Day 1: Facts and Roots – Basic Quality Tools
Focus of the day: Learning to collect reliable data, structure problems, and separate facts from opinions.
Introductory block
- Course opening: goals, expectations, the rule «gemba – the main teacher».
- What is TQM: evolution from quality control to total quality management.
- PDCA cycle – the heart of TQM.
- Seven quality tools: overview and place in PDCA.
Practice: Business game «Production»
- Introduction to the production line: sections (bottom, hull, legs, blades/wings, pre-assembly, final assembly, quality control).
- Round 1: assembling the order «3 helicopters, 3 airplanes, 4 boats»
- Recording results: time, number of defects, work in progress.
Module 1: Fact Collection – Checklists and Stratification
- Mini-lecture: how and where to collect data. The mistake of collecting only at quality control.
- Exercise for the game:
- Development of a checklist for each section.
- Stratification of defects by sections, operators, types of products.
- Analysis: which section gives the most defects and rejects?
Module 2: Priority Detection – Pareto Chart
- Mini-lecture: the 20/80 rule, building a Pareto chart.
- Exercise: based on checklists from round 1, construct a Pareto chart of defects.
- Conclusion: 2-3 types of defects cause 80% losses (we will analyze them tomorrow).
Module 3: Root Cause Analysis – Ishikawa Diagram («fishbone»)
- Mini-lecture: how to organize brainstorming, the 6M categories (Man, Machine, Material, Method, Measurement, Environment).
- Exercise (in groups): build an Ishikawa diagram for the main defect from Pareto.
- Check: what hypotheses can be tested today?
Conclusions of the day
- Reflection: how do facts differ from guesses?
- Homework: think of what data to collect in round 2 to verify one of the hypotheses (for example, relate rejects to assembly time).
Day 2: Analysis, Hypotheses, and Process Management
Focus of the day: Quantitative analysis, hypothesis testing, and introduction of a statistical management system.
Introductory block
- Reflection on the first day, analysis of homework.
- How to verify a cause and not guess: PDCA cycle in practice.
Module 4: Distribution Analysis – Histogram and Scatter Plot
- Mini-lecture: histogram – a «snapshot» of variation. Scatter plot – verifies the relationship between two variables.
- Practical exercise on the game (round 2): assembling the same order, but with additional measurements.
- Measurement of assembly time for each product (stopwatch).
- Recording the number of defects per product.
- Building a histogram of assembly time (e.g., for boats).
- Building a scatter plot «assembly time → number of defects».
- Interpretation: is there a correlation? If so, what is it (positive, negative, none)?
Module 5: Stability Management – Shewhart Control Charts
- Mini-lecture: random and special variation. How not to harm the process.

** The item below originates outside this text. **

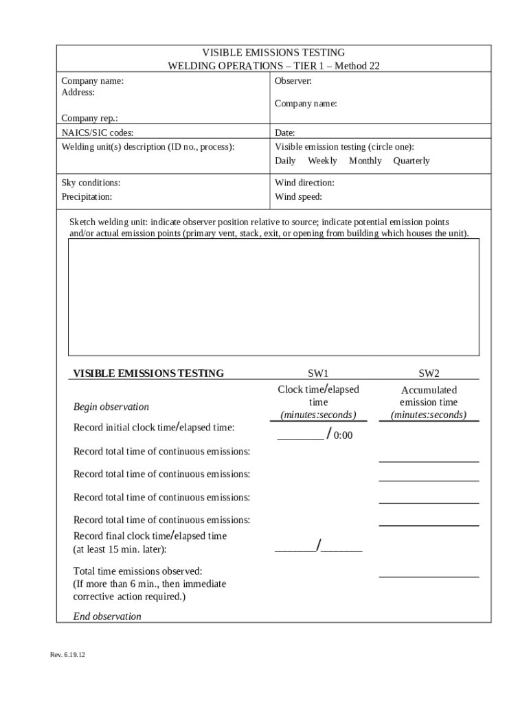 Instructions for the visible emissions monitoring instructionswelding ... form

- Practice: building a control chart based on the number of defects per boat (for 5 boats per hour or by rounds).
- Exercise: determine if there were «special causes» in round 2 (exceeding limits, series of 7 points, etc.).
Module 6: Implementation of Improvements – TQM Practice in Game
- Round 3: you make changes based on the data received (for example, change the instruction at a rejecting section, add visual control, retrain the operator).

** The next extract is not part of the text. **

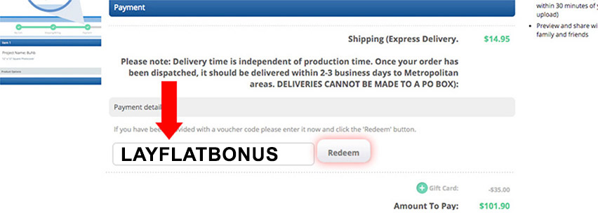 On the Payment page you will see a 'Voucher Code' field. Enter the code (LAYFLATBONUS) in the field and click Redeem. This will deduct the cost of the additional pages and Slip Case from your total price.

- Data is collected again – the same checklists.
- Comparison of results of rounds 1, 2, 3: did defects, time, productivity change?
Conclusions of the day
- What did the statistics show? Which improvements worked and which did not?
- Preparation for gemba: what data and tools will be needed in a real workshop?
Day 3: Gemba – Real Production and Certification
Focus of the day: Practicing skills on an ongoing process, identifying losses, proposing improvements.
Going to gemba
- Brief briefing: safety rules, ethics of observation, task of the day.
- Division into mini-groups (3-4 people each).
Module 7: Practice on a Real Section (Gemba)
Each group receives a gemba observation sheet (adapted for 7 tools):
- Checklist – record all observed defects/deviations within an hour.
- Stratification – by workplaces, shifts, types of products.
- Pareto Chart (upon return) – identify main problems.
- Ishikawa Diagram – for one of the problems, build a cause-and-effect scheme with operator participation.
- Histogram – if a parameter (time, size, temperature) can be measured – collect data.
- Scatter Diagram – test a hypothesis (e.g., «tool change time → roughness»).
- Control Chart – assess the stability of the process using available data (if there's an archive).
- Additionally: observation for PDCA cycle adherence, standardization, visual management.
Module 8: Processing and Presentation of Results
- Groups systematize field notes, draw diagrams (flipchart or laptop).
- Each group prepares a 3-minute presentation:
- What main problem was identified.
- Which tool helped to see it.
- One proposal for improvement (action within PDCA).
Course completion
- Testing (20 min): checking understanding of the 7 tools, TQM principles, PDCA cycle.
- Round table – reflection: which of the tools can be implemented tomorrow at your work?
- Certificate delivery (show where they are stored), feedback collection.